TwinIon · July 6, 2018

Interesting that they used procedurally generated maps. I can only imagine the strategies that would develop if you allowed an AI like this to play 500k games on a standard map.

Now that I think about it, I wonder if that will become a standard way to find map glitches or loopholes while still in development. Let an AI play a few hundred thousand games and see if it figures out anything interesting.

XxEvil AshxX · July 6, 2018

But do they teabag?

number305 · July 6, 2018

Nothing new here. When I was a kid Mike Tyson's Punch-Out! A.I. used to kick my butt all day long.

Raggit · July 6, 2018

How do they handle the AIs ability to aim? Because that would strongly impact their performance. If they're basically using aim bot, it's kind of unfair.

Scape Zero · July 6, 2018

3 hours ago, TwinIon said:

Interesting that they used procedurally generated maps. I can only imagine the strategies that would develop if you allowed an AI like this to play 500k games on a standard map.

Now that I think about it, I wonder if that will become a standard way to find map glitches or loopholes while still in development. Let an AI play a few hundred thousand games and see if it figures out anything interesting.

That would probably be a really good idea for finding flaws.

TwinIon · July 6, 2018

2 hours ago, Raggit said:

How do they handle the AIs ability to aim? Because that would strongly impact their performance. If they're basically using aim bot, it's kind of unfair.

Despite using Q3 as the basis, they don't actually have guns. They can only tag opponents to get them to steal the flag.

They were mostly interested in how multiple AI agents would work together in a team exercise.

The Deepmind site has a better look at the game they played.

Rev · July 6, 2018

3 hours ago, TwinIon said:

Interesting that they used procedurally generated maps. I can only imagine the strategies that would develop if you allowed an AI like this to play 500k games on a standard map.

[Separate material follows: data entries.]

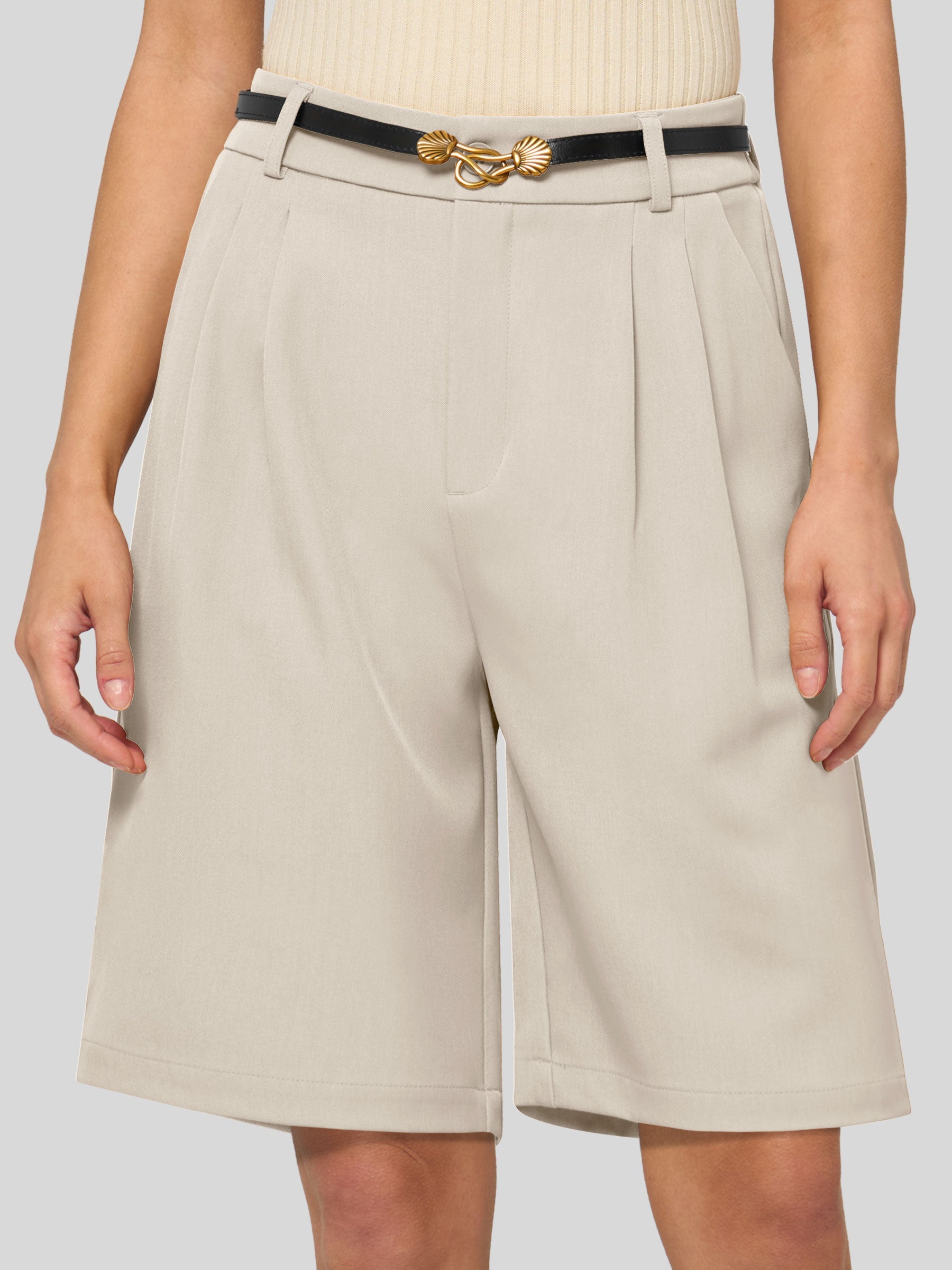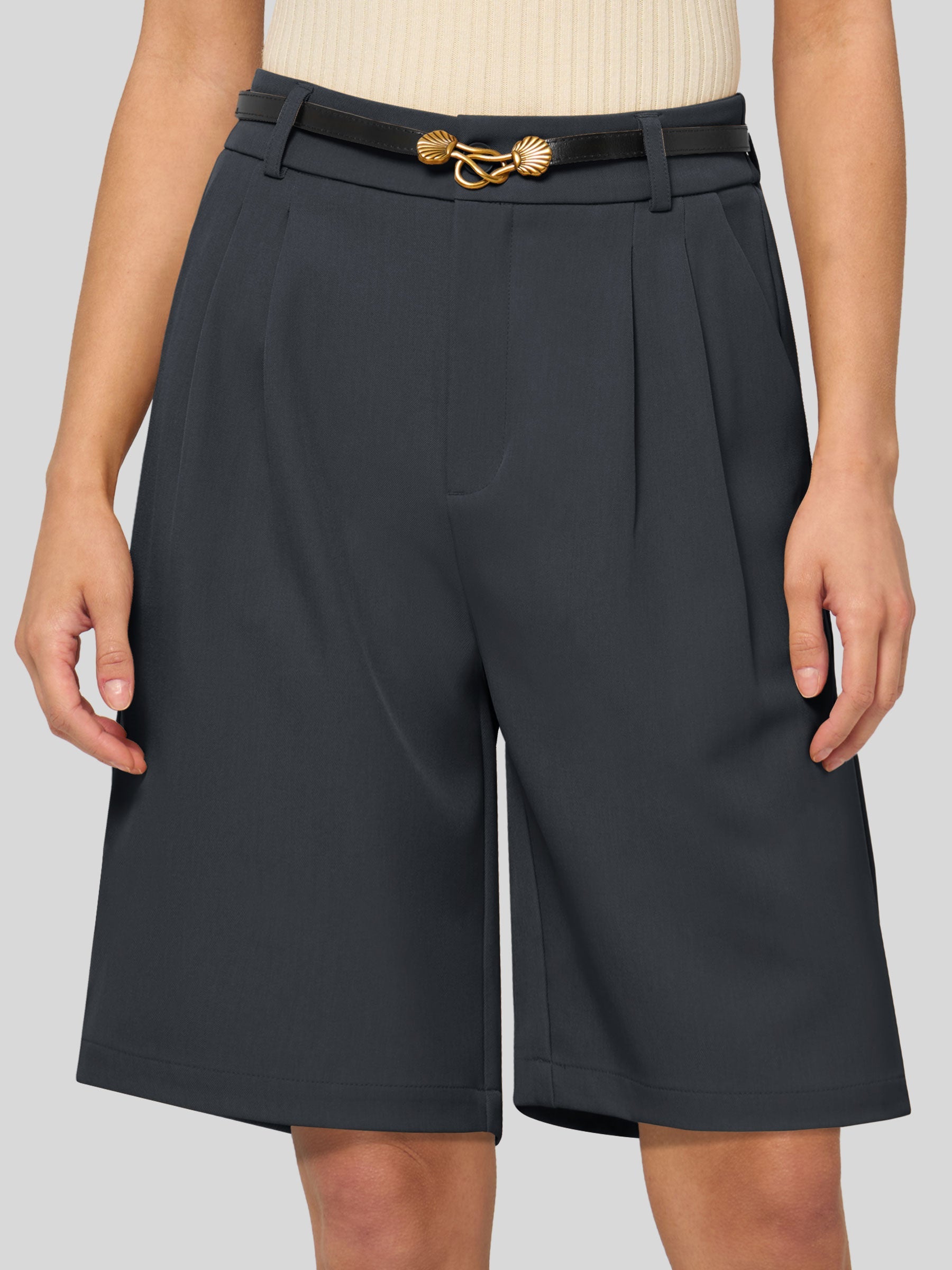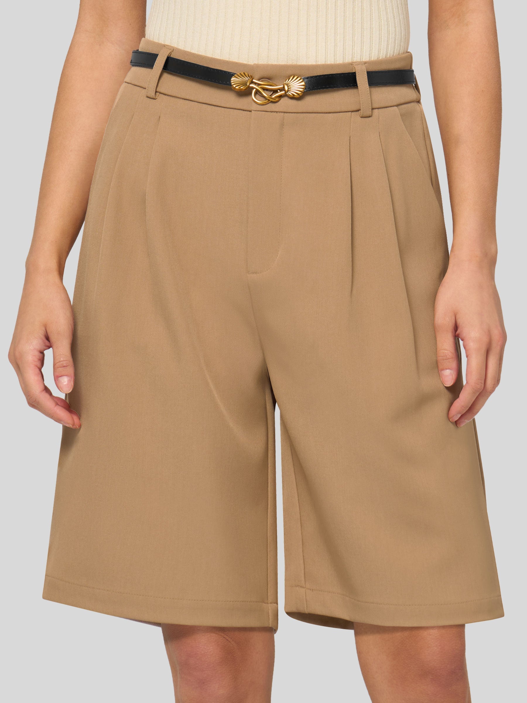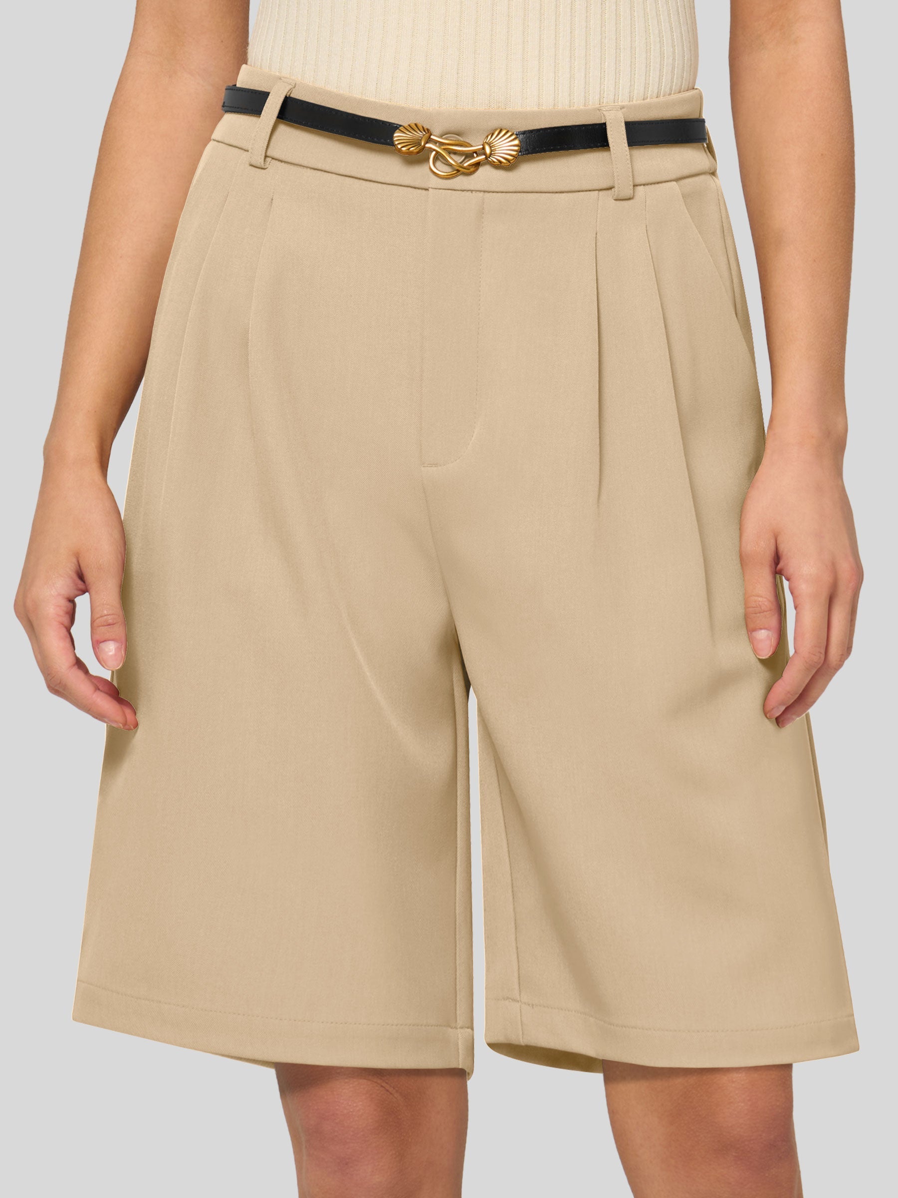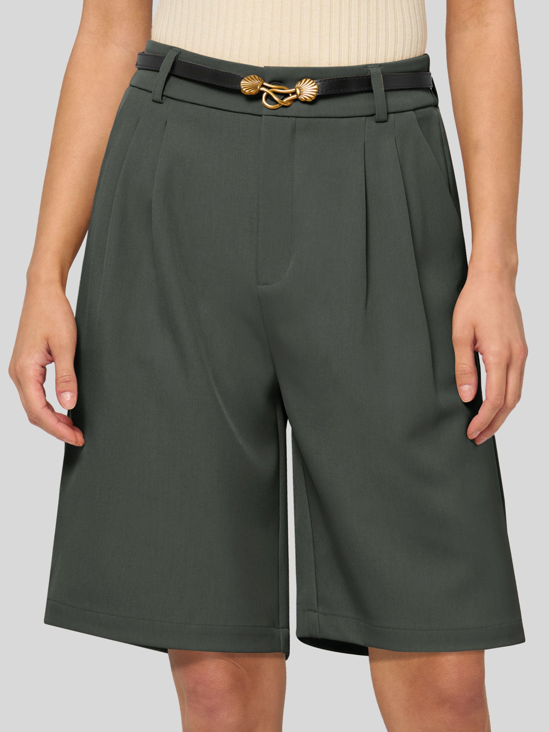 Women's Pleated Linen Shorts 10 Inch
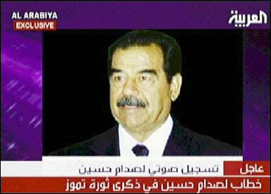 薩達(dá)姆的兒子庫賽和烏代是在7月22日在和美軍士兵的一次槍戰(zhàn)中被打死的。29日播出的錄音帶也是在一周內(nèi)出現(xiàn)的第二次據(jù)稱來自薩達(dá)姆的錄音講話。
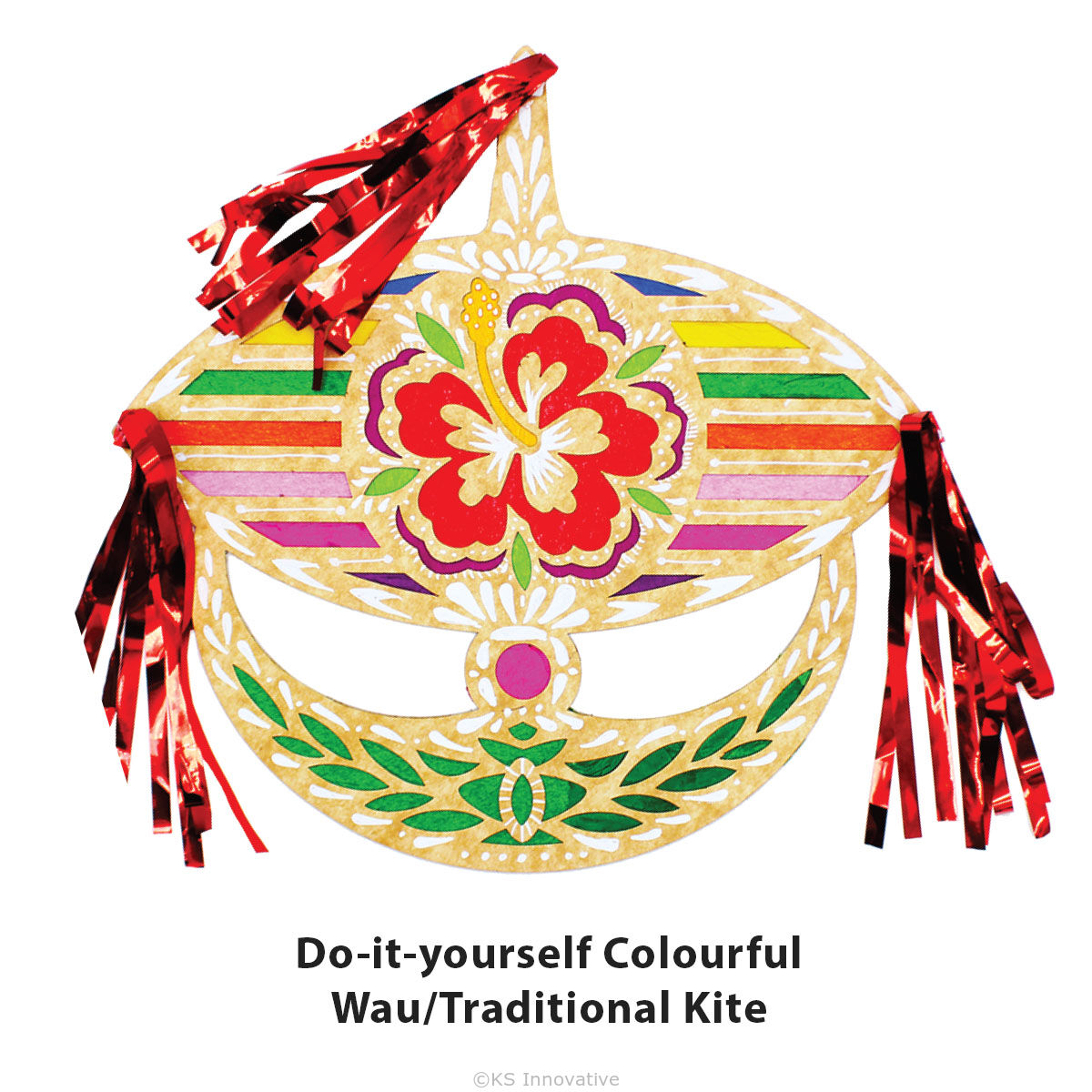 Design and decorate a vibrant and elegant cultural craft, called Wau, which is a traditional paper kite in Malaysia! Featuring the Hibiscus flower motif and wonderful, geometric pattern in a pre-cut paper board. Kids will enjoy learning with their hand motor skills to cut, arrange and paste colour papers and show off the kaleidoscope of colours behind the wau silhoutte. Add shiny tassels as the final touch! Traditional wau craft holds cultural significance in Malaysia and serves as a symbol of national pride and identity, perfect for this Merdeka day!

Now that I think about it, I wonder if that will become a standard way to find map glitches or loopholes while still in development. Let an AI play a few hundred thousand games and see if it figures out anything interesting.

13 minutes ago, Scape Zero said:

That would probably be a really good idea for finding flaws.

This is exactly what they did in The Talos Principle

https://blog.us.playstation.com/2015/09/25/the-talos-principle-on-ps4-designing-ai-to-test-a-game-about-ai/

TwinIon · July 6, 2018

2 minutes ago, Rev said:

This is exactly what they did in The Talos Principle

https://blog.us.playstation.com/2015/09/25/the-talos-principle-on-ps4-designing-ai-to-test-a-game-about-ai/

That's very cool. That's a bit more like a test script for the whole game than the kind of machine learning that Deepmind is doing, but it's a good example of what I was thinking about.

XxEvil AshxX · July 6, 2018

8 minutes ago, Rev said:

This is exactly what they did in The Talos Principle

https://blog.us.playstation.com/2015/09/25/the-talos-principle-on-ps4-designing-ai-to-test-a-game-about-ai/

Too bad the A.I. didn't tell them their game was boring.

legend · July 6, 2018

This is cool work. Using evolutionary algorithms to learn the reward function is an idea that's been explored in literature before (as well work in which I was involved), but not on this scale. Their reports of learning time are a bit unclear and potentially misleading. I'll have to look at this paper, but I think it's 500,000 games for each member of the population (which is huge).

3 hours ago, TwinIon said:

Interesting that they used procedurally generated maps. I can only imagine the strategies that would develop if you allowed an AI like this to play 500k games on a standard map.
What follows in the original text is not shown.